What made it possible for Sandy to sneak in a few lessons was that flight-simulation took place right after the midday meal and its consequent stun time. Since Sandy was physiologically exempt from stun time he could get there before any of the others. It helped, too, that the instructor in charge was not the smartest Hakh’hli on the ship. The reason he was there was that he had actually been in the crew that was preparing to land somewhere in the Alpha Centauri system. They never did land, because there wasn’t anything big enough to land on, but he was the closest the Hakh’hli had to an experienced lander pilot. Although he had never been authorized to let Sandy try his hand at pilotage, he had never been ordered not to, either. With a little wheedling, Sandy got past him and again took his place in the simulator capsule.

Sandy had brought cushions with him and used them to wedge himself into the kneeling-seat that had never been designed to accommodate a mere human anatomy. For a quarter of a twelfth-day—no, he corrected himself; for about twenty minutes, in the Earth reckoning of his new wrist watch—he was able to go through the whole sequence, from the magnetic-repulsion “launch” of the capsule from its recess in the side of the great interstellar ship, through the course-correction that brought it over the Earth’s pole in a descending slant, through the dodging of space debris and the buffeting of atmospheric entry, and to a good, or at least not catastrophic, landing on a level, snow-covered plain between high mountains. The simulator made it all real. When the “lander” lurched away from the mother ship—pistons gave it a realistic jolt as it happened—the screens showed the black of space, and the green planet underneath, and the great ship shrinking rapidly away. When he “turned” the lander, the same pistons gave his capsule enough of a twist to match physical sensations with the slipping images on the screens, and they filled in again to suggest the terrible jolting of atmosphere entry.

A session in the lander simulator was as good as any Earthly video game for a young adult, or actually a lot better. It wasn’t good enough, though. When Sandy had to get out to make way for the first real space cadet from his cohort he was sulking. “I don’t see why I can’t fly it down,” he complained to Polly—unwisely, because she gave him a pinch.

“Because you’re too little, and too clumsy, and too dumb!” she told him. “Now get out of the way so I can check out!”
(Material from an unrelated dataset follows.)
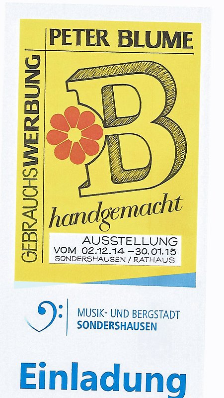 Am morgigen Dienstag (2. Dezember) wird im Foyer des Rathauses Sondershausen eine Ausstellung des Gebrauchsgrafikers Peter Blume. Beginn ist um 16:30 Uhr.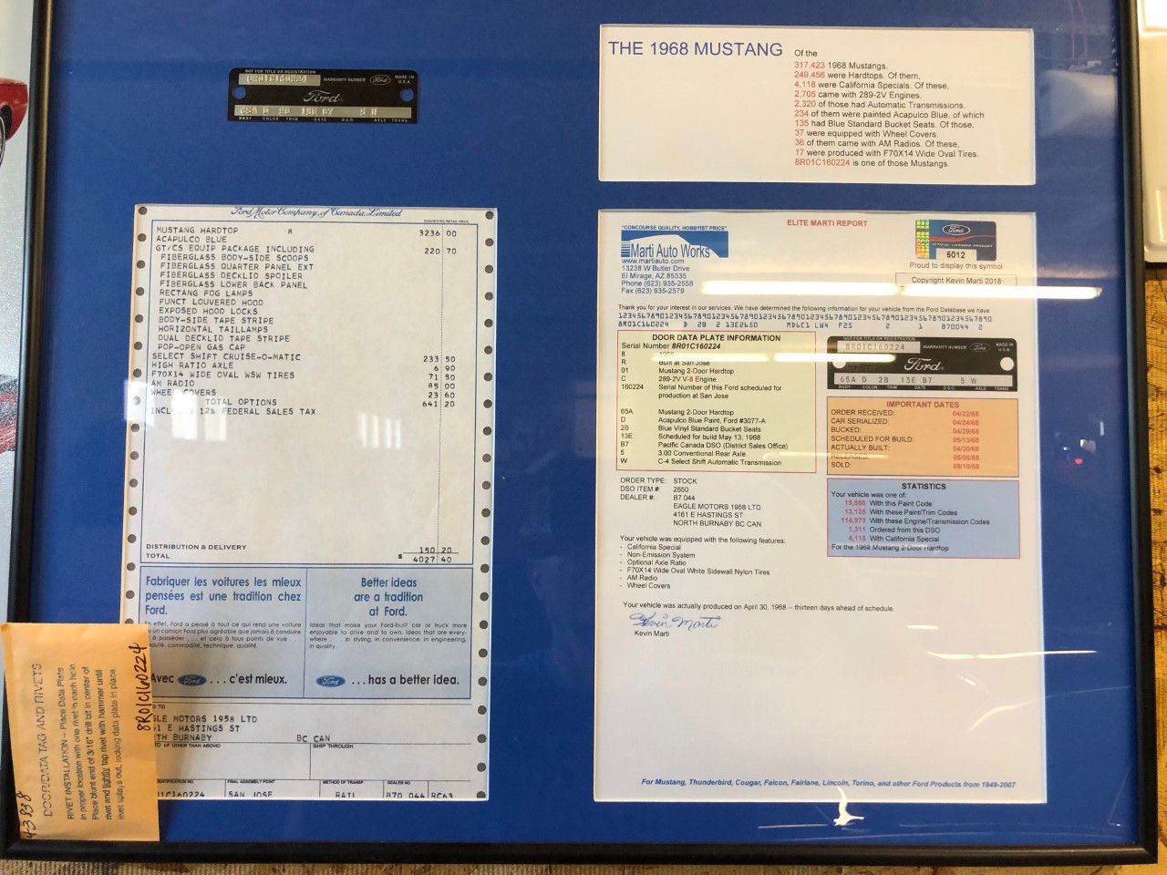 Extremely rare factory California special Optioned GT Ford mustang two-door coupe. Documented by its deluxe Marty report. Beautifully finished in its factory color code Acapulco Blue exterior the most sought after color combination. Complimented with its factory GT California special

He glowered after her as she climbed in. Obie touched the small of Sandy’s back in sympathy. “I’d let you fly if I could,” he said. Sandy shrugged morosely; they both knew that Obie’s time for influencing anyone else in the cohort had passed with his brief sexual phase. “Well,” Obie said helpfully, “do you want to do something else? I’m last on the list; we’ve got at least a twelfth and a half before my turn.”

“Do what?” Sandy asked.

“We could watch an Earth film,” Obie proposed. “There’s a ‘Star Trek’ I’d like to see again. I like those funny spaceships.”

“No way,” Sandy said positively, because Earthly ideas of nonexistent spaceships weren’t what interested him; if he were going to watch films on his free time he wanted something with prettier girls in scantier clothing. Or alternatively—

He looked around thoughtfully. The four other waiting members of his cohort had started a Questions Game—name all fifty-three states of the U.S.A. in order, left to right, from Guam to Puerto Rico—and were conspicuously shunning both Sandy and Obie. The communications screen was being ignored. “Well,” he said slowly, “there is a film I’d like to see again. Only it isn’t from Earth. It’s Hakh’hli.”